Petite question piège pour les vacances : et vous, qu’avez-vous mis de côté en sachant que cela serait sûrement utile un jour ? Des briques, une passion, un don, une compétence, un livre de jardinage, de cuisine, des photos compromettantes ? Me concernant, ayant switché (Béa et Clara si vous lisez ce post 😉) plusieurs fois durant mes études et mon parcours professionnel, j’ai mis des années à comprendre à quoi serviraient mes « briques ». Mais aujourd’hui, c’est plus clair, et cette compréhension a posteriori m’est bien utile pour embrasser pleinement la mission que je me suis finalement fixée.

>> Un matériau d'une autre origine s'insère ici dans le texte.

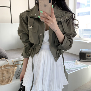 나라라오리 스트랩 포켓 반집업 미니 숏 야상 자켓

Un expert ne réfléchit pas, il sait

Ce qui étonnant lorsque l’on travaille avec Mario, c’est que l’on dirait qu’il ne réfléchit jamais. Cette fois-ci, je lui ai finalement posé la question qui m’a si longtemps taraudé : « mais tu fais tout au pif ou tu es un Jedi ? ». En fait il ne s’agit d’aucune des deux options. C’est simplement que lorsqu’il se trouve en situation, il sait !

Inception

Cela renvoie directement aux travaux de Michael Polanyi qui expliquait dans son livre de 1966, The tacit dimension, que les experts se construisaient des modèles mentaux intermédiaires encapsulant des connaissances afin d’agir plus rapidement. Les connaissances sous-tendant ces modèles, deviennent avec le temps, « invisibles » à son propriétaire, comme s’il n’avait plus conscience de les détenir. Elles sont devenues tacites. Et un véritable expert n’encapsule pas seulement des connaissances dans des modèles intermédiaires, mais il intègre des modèles dans d’autres modèles. Un peu comme dans Inception en fait 😉 

Si notre cerveau opère ces différents rangements cognitifs, c’est simplement pour permettre à tous les Mario du monde d’agir vite et bien, sans avoir besoin d’Internet, de modes d’emploi, ou de faire appel à un ami.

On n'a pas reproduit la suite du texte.